What is being asked: Given the records below, the lines starting at the line with "第四步:底部成对角线拉平、缝合" and ending at the line with "A perfect spring" should be output exactly, both end lines kept and pictures left out.

------------------------------------------------------------------------

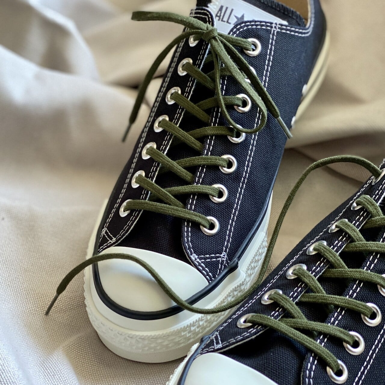 一般的なシューレースよりも細めの5mm幅にする事により、スニーカーが引き締まった表情に仕上がります。
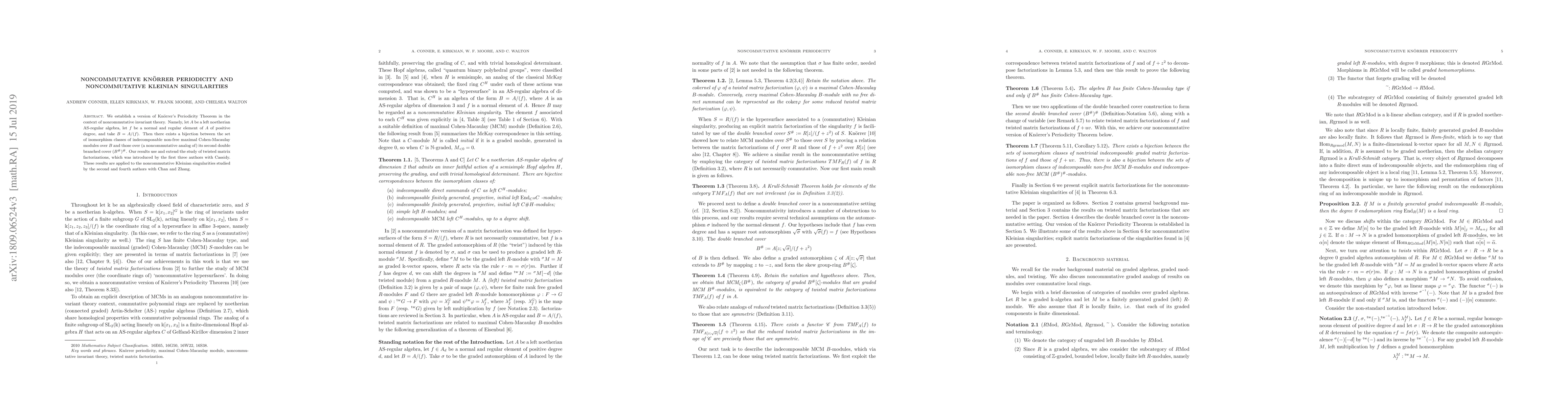 We establish a version of Kn\"{o}rrer's Periodicity Theorem in the context of noncommutative invariant theory. Namely, let $A$ be a left noetherian AS-regular algebra, let $f$ be a normal and regular element of $A$ of positive degree, and take $B=A/(f)$. Then there exists a bijection between the set of isomorphism classes of indecomposable non-free maximal Cohen-Macaulay modules over $B$ and those over (a noncommutative analog of) its second double branched cover $(B^\#)^\#$. Our results use and extend the study of twisted matrix factorizations, which was introduced by the first three authors with Cassidy. These results are applied to the noncommutative Kleinian singularities studied by the second and fourth authors with Chan and Zhang.
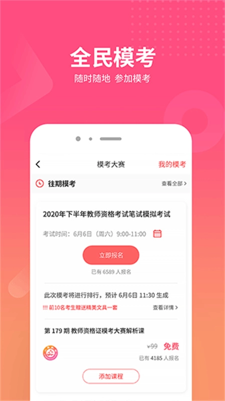 全民模考服务,助力用户不受时空限制参与模拟考试,及时检验自身学习成效。
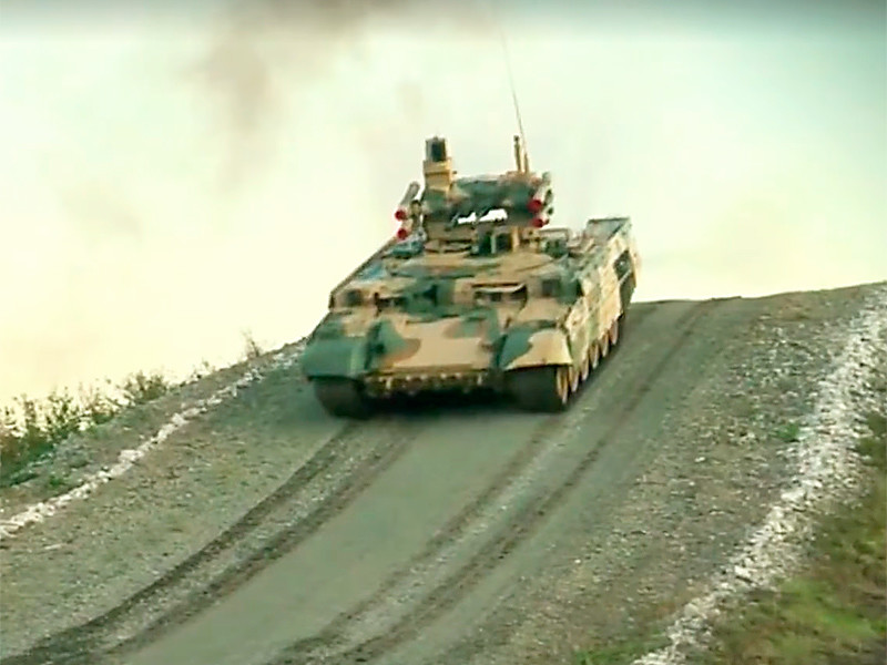 Речь идет о боевой машине поддержки танков (БМПТ) "Терминатор". На видео показано, как "Терминатор" преодолевает различные препятствия и водные преграды, а также стреляет по мишеням.
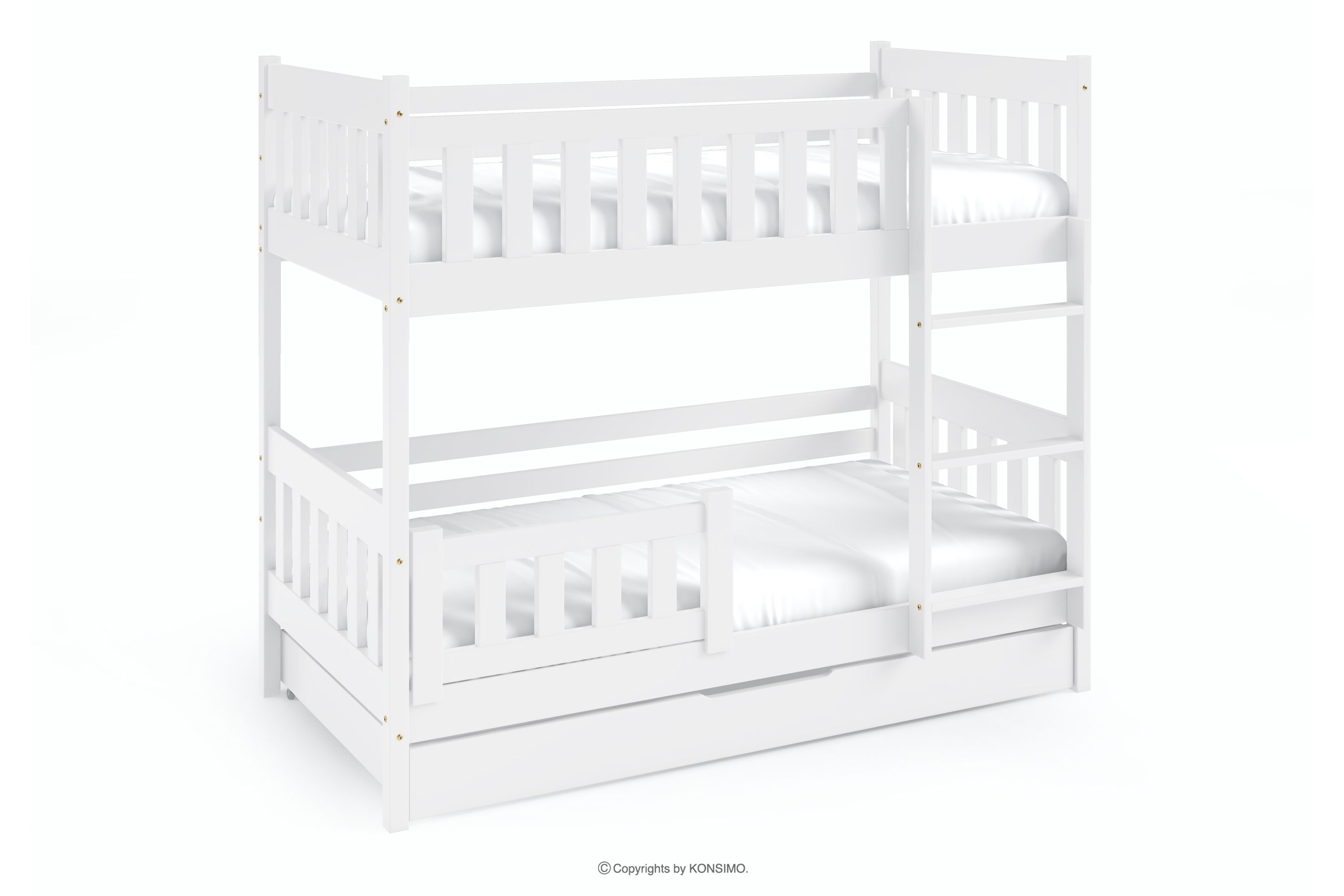 LUMBE zobacz całą kolekcję Łóżko drewniane dwupiętrowe z materacem i szufladą biały- kolor biały
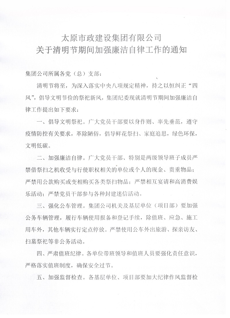 太原市政建設(shè)集團(tuán)有限公司關(guān)于清明節(jié)期間加強(qiáng)廉潔自律工作的通知
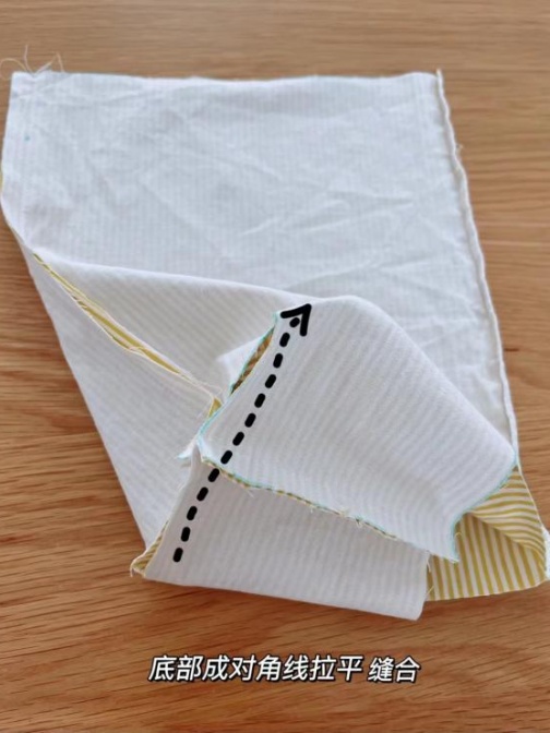 第四步:底部成对角线拉平、缝合
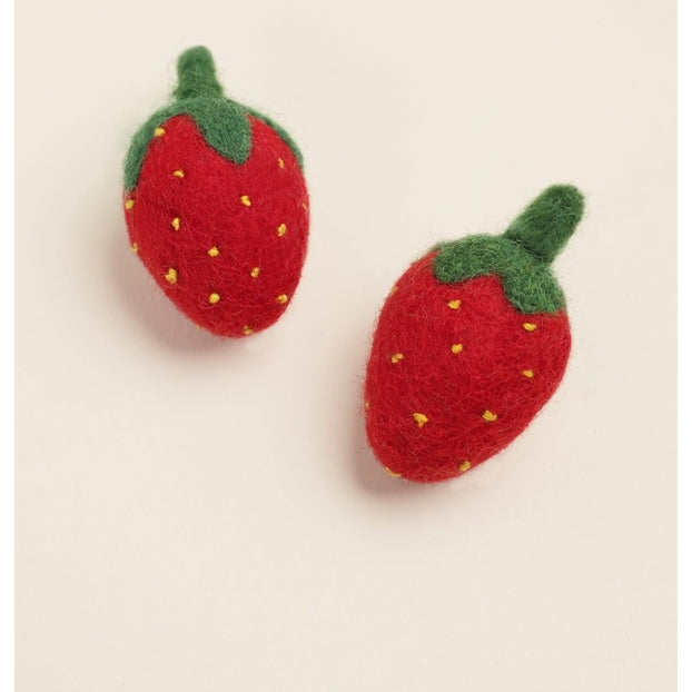 A perfect spring time sweet treat. Made of 100% WOOL, this densely felted strawberry acts as a natural floss that helps clean your kitties teeth. Our KITTY STRAWBERRIES are perfect for batting, chasing and hiding.
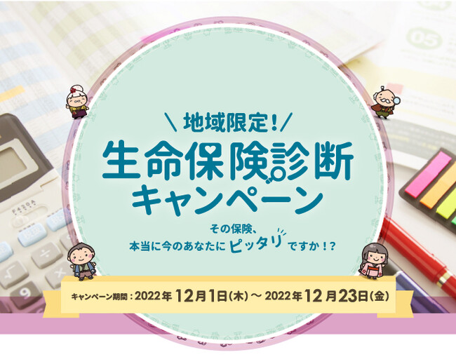 北陸銀行(頭取 中澤 宏)は、2022年12月1日(木)より、生命保険診断キャンペーンを実施いたします。キャンペーン期間中に生命保険の診断サービスをご利用いただいたお客さまには、先着合計600名さまに当行オリジナル紙製ファイルをプレゼントいたします。
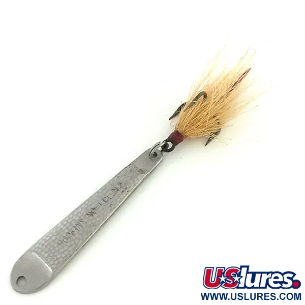 Kalto nikelio tekstūra išskiria šio tvirto metalinio džigo korpusą – tai dizaino sprendimas, skirtas imituoti natūralių masalinių žuvelių atspindinčius žvynus. 14 g (1/2 oz) svorio ir 6,5 cm (2 1/2") ilgio Hopkins No=Eql 2 modelis turi produkto kodą 9341 ir yra klasikinio amerikietiško žvejybos įrankių dizaino pavyzdys. Masalo priekinėje dalyje aiškiai įspaustas gamintojo ir modelio pavadinimas, o galinėje dalyje yra trišakis kabliukas, papuoštas natūraliu rudu elnio kailiu (bucktail), pritvirtintu raudonu siūlu. Šis konkretus egzempliorius yra 5/5 būklės, su švariais paviršiais ir nepažeistomis detalėmis. Dažniausiai naudojama vertikaliam džigavimui arba tolimiems metimams, ši vartiklė dėl savo tankios masės greitai pasiekia gylį tiek gėluose, tiek sūriuose vandenyse.

------------------------------------------------------------------------

Exercise output:
 第四步:底部成对角线拉平、缝合
 A perfect spring time sweet treat. Made of 100% WOOL, this densely felted strawberry acts as a natural floss that helps clean your kitties teeth. Our KITTY STRAWBERRIES are perfect for batting, chasing and hiding.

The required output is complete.